Tex Rickard biography
Tex Rickard, byname of George Lewis Rickard, (born Jan. 2, 1870/71, Kansas City, Mo., U.S.—died Jan. 6, 1929, Miami Beach, Fla.), American gambler and struggle promoter who made boxing trendy and extremely worthwhile. His promotions that includes Jack Dempsey, world heavyweight champion from 1919 to 1926, attracted the primary 5 “million-dollar gates” ($1,000,000 or extra in ticket receipts).
After being a cattleman and a city marshal in Texas after which a gold miner and an expert gambler within the Yukon, Rickard in 1903 established a on line casino within the mining city of Goldfield, Nev. To publicize the neighborhood, he promoted a world light-weight title struggle wherein Joe Gans defeated Oscar (Battling) Nelson on a foul in 42 rounds on Sept. 3, 1906. He then promoted Jack Johnson’s profitable protection of the heavyweight championship towards former titleholder James J. Jeffries at Reno, Nev., on July 4, 1910.

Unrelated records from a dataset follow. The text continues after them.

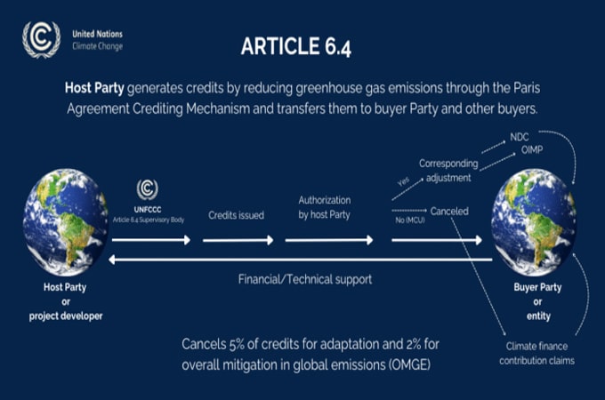 Article 6.4 establishes the Paris Agreement Crediting Mechanism (PACM), a carbon credit market that is centralised and supervised by the United Nations. The mechanism allows countries and private actors to implement emission reduction activities that can generate tradable credits, called PACM ERs (formerly known as A.6.4 ERs). These credits can be used by countries to achieve their NDCs or by other buyers, public or private, in voluntary carbon markets. The PACM is governed by a supervisory body appointed by the UN Conference of the Parties serving as the meeting of the Parties to the Paris Agreement (CMA). The supervisory body is responsible for developing rules, methodological standards, and procedures to account for emission reductions or removals, approving activities, and ensuring transparency and environmental integrity. Article 6.4 builds upon and improves the Clean Development Mechanism established under the Kyoto Protocol with stricter accounting rules and broader goals aligned with the Paris Agreement’s emphasis on sustainable development and increasing ambition over time.
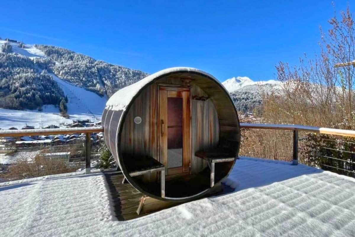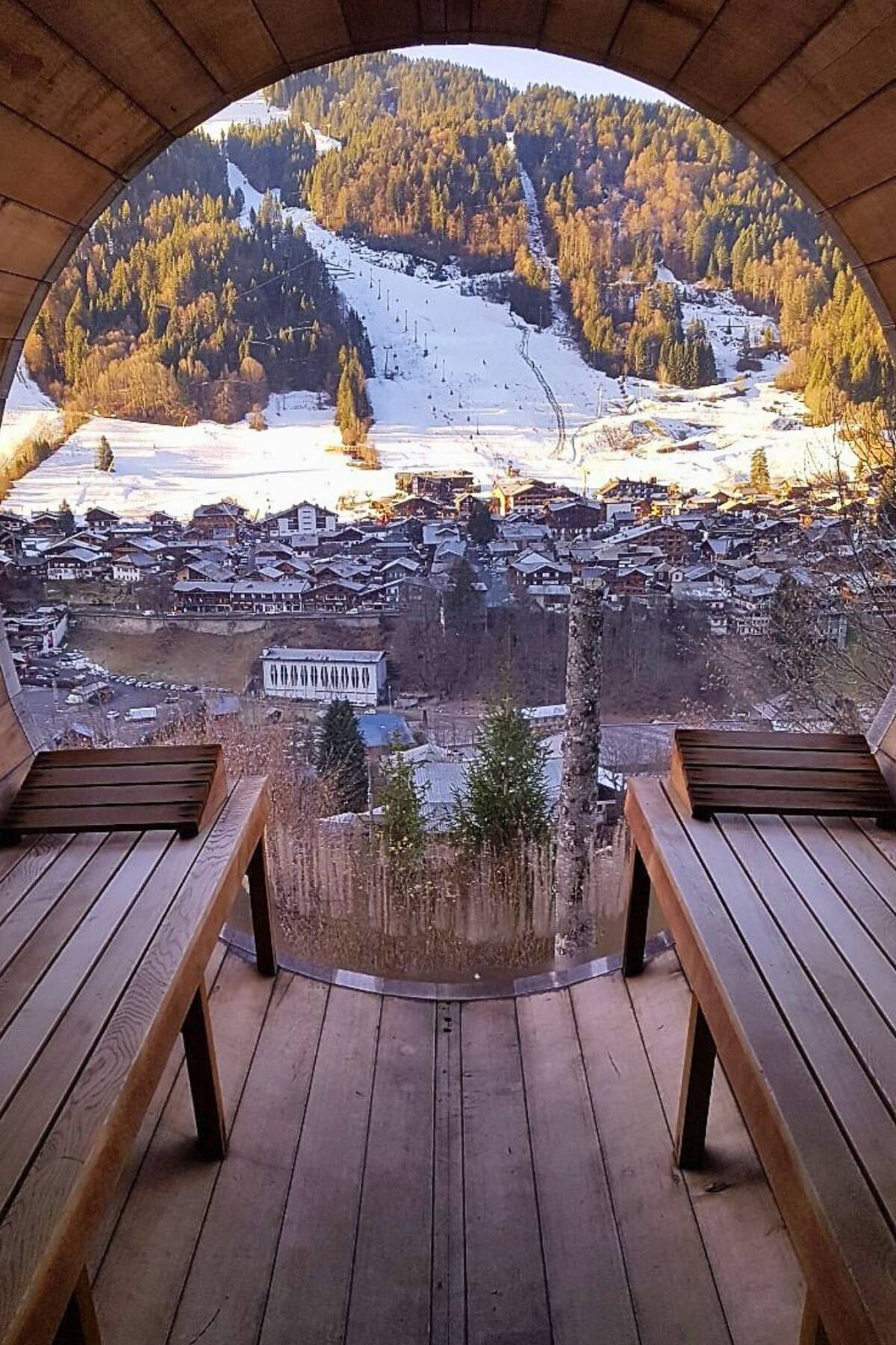 The spacious terrace of chalet Chelmer offers breathtaking views of both Morzine and the vast Portes du Soleil ski area. Here you will find a private sauna with a spectacular glass wall overlooking the village, the valley, and the mountains, as well as a relaxing whirlpool to calm your tired legs.
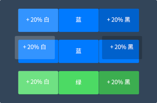 在上面的例子中,通过调整黑色或白色层的透明度,可以得到不同的单色,他们互相之间都能很好地调和。
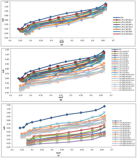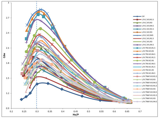 To perform subsequent analysis of parameters for evaluating the performance of the physical model based on the efficiency of the piano key weir’s discharge capacity, 27 PKW models were manufactured with parapet walls considering their linear geometric characteristics (side view shapes). Figure 7 shows that the PKW’s Cdw depends on the Ho/P ratio of the water head. It shows the parapet walls’ impact. The discharge coefficient was greatly enhanced by the addition of parapet walls, resulting in a marked increase in the PKW’s discharge capacity. Discharge coefficients vary depending on the profile shape and height of the parapet walls in the PKW models.

In 1920 Rickard gained management of Madison Square Garden, New York City. On July 2, 1921, at Jersey City, N.J., he staged the primary boxing match to draw a million-dollar crowd: Dempsey’s four-round knockout of Georges Carpentier. In Chicago on Sept. 22, 1927, Dempsey’s unsuccessful try and regain the heavyweight title from Gene Tunney drew for Rickard the one $2,000,000 gate in boxing historical past earlier than the mid-Nineteen Seventies. Throughout his profession, Rickard’s promotions appealed to prejudice: black towards white (Gans versus Nelson, Johnson versus Jeffries), draft dodger towards World War I hero (Dempsey versus Carpentier), and American towards “foreigner” (Dempsey versus Luis Angel Firpo of Argentina). Much of his press agentry was geared toward girls, and he sought socially outstanding patrons by organizing quite a few bouts for charity. He was in all probability the primary boxing impresario to show skilled at dealing with giant crowds.
In addition to his profession as a promoter, Rickard based the New York Rangers hockey franchise in 1926, which he owned till his loss of life.